[Start of section]

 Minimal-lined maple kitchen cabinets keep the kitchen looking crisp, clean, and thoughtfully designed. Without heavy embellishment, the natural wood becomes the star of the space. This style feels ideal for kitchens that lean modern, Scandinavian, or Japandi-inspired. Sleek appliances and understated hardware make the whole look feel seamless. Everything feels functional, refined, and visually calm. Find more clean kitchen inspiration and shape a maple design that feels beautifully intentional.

[End of section]
[Start of section]

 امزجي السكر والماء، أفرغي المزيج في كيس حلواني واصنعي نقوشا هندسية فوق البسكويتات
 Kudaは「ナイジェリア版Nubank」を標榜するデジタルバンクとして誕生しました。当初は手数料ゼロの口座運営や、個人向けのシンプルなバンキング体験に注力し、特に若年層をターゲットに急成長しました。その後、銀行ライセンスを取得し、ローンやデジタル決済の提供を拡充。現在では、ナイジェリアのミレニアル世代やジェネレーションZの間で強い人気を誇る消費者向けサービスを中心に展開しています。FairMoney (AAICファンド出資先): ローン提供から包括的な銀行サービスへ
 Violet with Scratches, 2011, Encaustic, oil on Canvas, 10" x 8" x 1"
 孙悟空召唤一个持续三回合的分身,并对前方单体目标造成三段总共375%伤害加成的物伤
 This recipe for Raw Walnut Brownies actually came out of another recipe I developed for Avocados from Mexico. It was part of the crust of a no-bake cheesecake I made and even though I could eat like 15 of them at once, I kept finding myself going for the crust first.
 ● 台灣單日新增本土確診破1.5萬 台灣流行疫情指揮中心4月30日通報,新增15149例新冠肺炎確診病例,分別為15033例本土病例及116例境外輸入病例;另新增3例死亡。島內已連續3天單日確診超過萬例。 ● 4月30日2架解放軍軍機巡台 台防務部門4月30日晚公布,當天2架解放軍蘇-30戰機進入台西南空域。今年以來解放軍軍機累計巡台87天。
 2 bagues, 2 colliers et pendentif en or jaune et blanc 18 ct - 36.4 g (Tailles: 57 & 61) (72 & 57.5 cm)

[End of section]

Exercise goal: From the material above, set down exactly the lines starting at the one with "امزجي السكر والماء،" and ending at the one with "Violet with Scratches, 2011, Encaustic, oil", end lines included.

Written reply:
 امزجي السكر والماء، أفرغي المزيج في كيس حلواني واصنعي نقوشا هندسية فوق البسكويتات
 Kudaは「ナイジェリア版Nubank」を標榜するデジタルバンクとして誕生しました。当初は手数料ゼロの口座運営や、個人向けのシンプルなバンキング体験に注力し、特に若年層をターゲットに急成長しました。その後、銀行ライセンスを取得し、ローンやデジタル決済の提供を拡充。現在では、ナイジェリアのミレニアル世代やジェネレーションZの間で強い人気を誇る消費者向けサービスを中心に展開しています。FairMoney (AAICファンド出資先): ローン提供から包括的な銀行サービスへ
 Violet with Scratches, 2011, Encaustic, oil on Canvas, 10" x 8" x 1"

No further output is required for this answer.